Work item
Entries below include pictures. Output exactly the lines from the one with "Plně vybavené a" down to the one with "国际教育学院2016-2017学年度第一学期校内导师考核测评结果公示", both ends included, and leave the pictures out.

===== Available data =====

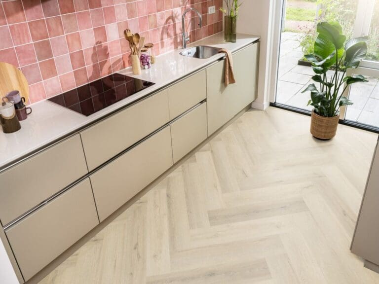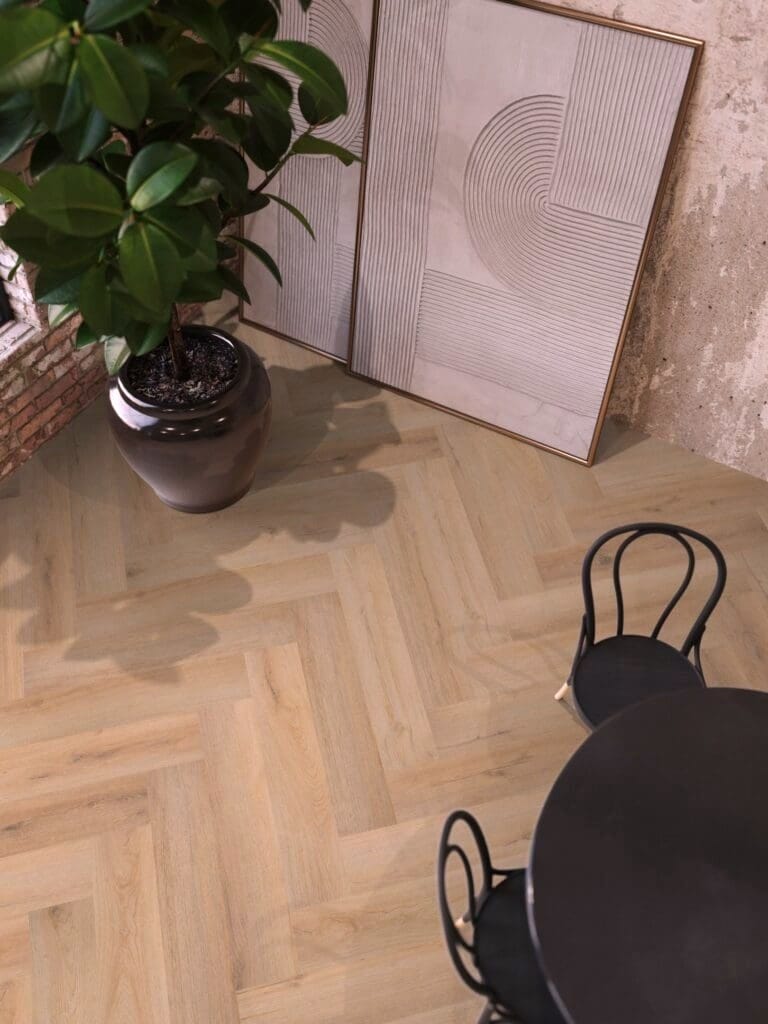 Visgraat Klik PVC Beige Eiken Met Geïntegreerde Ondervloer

=====
===== Available data =====

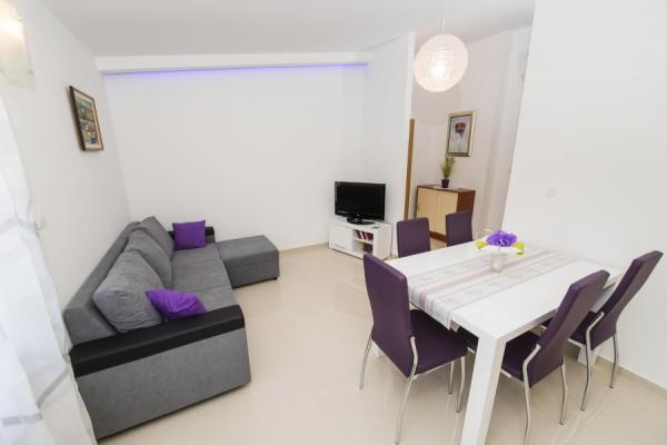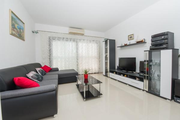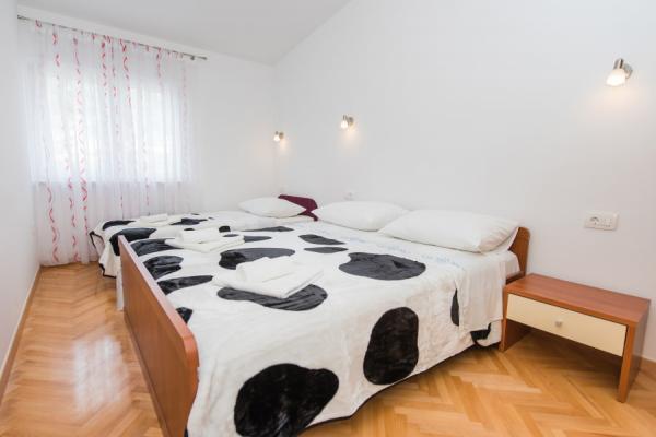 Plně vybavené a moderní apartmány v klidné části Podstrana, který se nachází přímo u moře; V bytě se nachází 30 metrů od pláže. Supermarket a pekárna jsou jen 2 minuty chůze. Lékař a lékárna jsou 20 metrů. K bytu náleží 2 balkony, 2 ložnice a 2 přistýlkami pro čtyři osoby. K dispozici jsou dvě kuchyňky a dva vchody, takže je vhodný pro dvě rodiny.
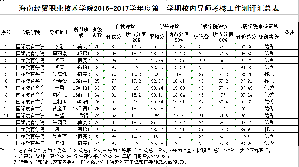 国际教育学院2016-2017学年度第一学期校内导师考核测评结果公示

=====

Solution
 Plně vybavené a moderní apartmány v klidné části Podstrana, který se nachází přímo u moře; V bytě se nachází 30 metrů od pláže. Supermarket a pekárna jsou jen 2 minuty chůze. Lékař a lékárna jsou 20 metrů. K bytu náleží 2 balkony, 2 ložnice a 2 přistýlkami pro čtyři osoby. K dispozici jsou dvě kuchyňky a dva vchody, takže je vhodný pro dvě rodiny.
 国际教育学院2016-2017学年度第一学期校内导师考核测评结果公示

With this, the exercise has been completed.